Prisma Finance has since paused the protocol and published a post-mortem detailing the lack of input validation on a smart contract function that enabled the exploit. The team stated that retrieving user funds is their main focus, and unpausing the protocol will follow once all positions are deemed safe.
According to the published post-mortem report, the pause was done as a security measure to block out certain operations in the case of such an emergency. Functions such as opening new vaults, increasing collateral debt, and depositing into Prisma’s Stability Pools are disabled. Despite this, the developers from Prisma Finance assure their users that they may still withdraw collateral to minimize the risk of locked funds.

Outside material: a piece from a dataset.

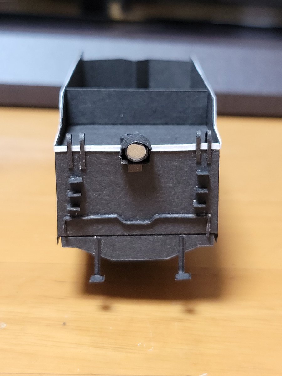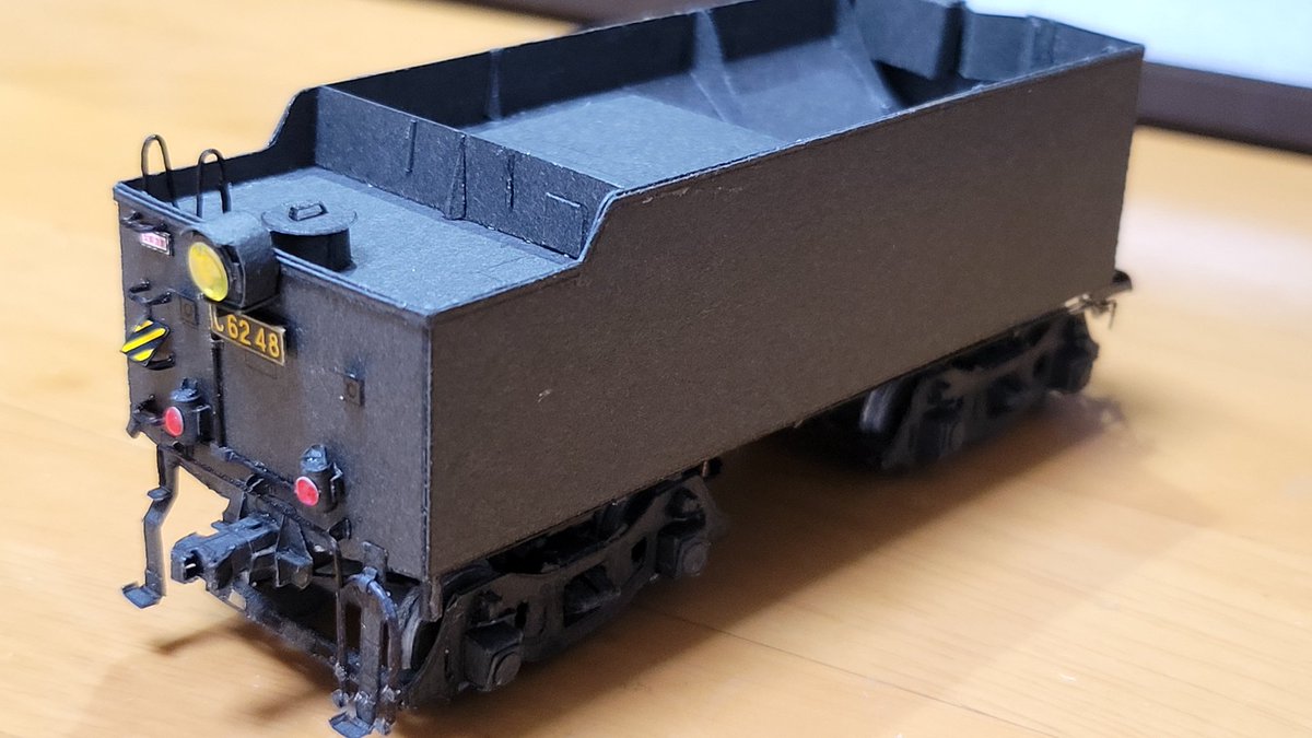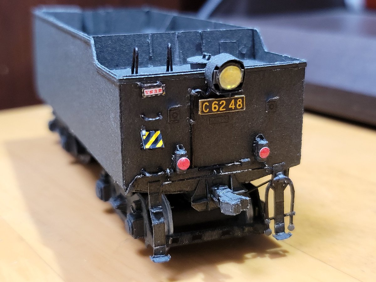 C62製造中、その29 炭水車の背面、底面を作成。 背面のランプはレジンで作成。結構いい感じ。 底面のブレーキシリンダは配線がイマイチ。実機ぽく銅線で配線してみたけどなんか変。色が浮いてる… 炭水車自体はこれで完成。あとは機関車との連結を調整すれば完成かな。 モウチョット #ペーパークラフト

On-chain data analyzed by blockchain security firms Cyvers and Peckshield indicate the hacker began converting the stolen funds into Ether (ETH) shortly after the attack. Approximately 200 ETH, worth around $340,000 at the time of writing, was then sent to the cryptocurrency mixing service Tornado Cash, which has been sanctioned by the United States Treasury’s Office of Foreign Assets Control (OFAC).
The exploit has had a significant impact on Prisma Finance’s total value locked (TVL), a key metric for measuring the adoption and growth of DeFi protocols. Prior to the incident, Prisma Finance boasted a TVL of around $220 million. However, in the aftermath of the exploit, that figure has dropped dramatically to $87 million, as reported by DeFi data aggregator DefiLlama. This sharp decline in TVL underscores the severity of the attack and the potential loss of confidence among users and investors in the protocol.
The report also details that 14 accounts have yet to revoke the affected smart contract, with approximately $540,000 in collateral still at risk. The protocol’s total value locked has dropped from $220 million before the exploit to $87 million as of the time of writing.
The Prisma team has not yet publicly responded to the hacker’s demands, nor have they responded within the thread of the on-chain message.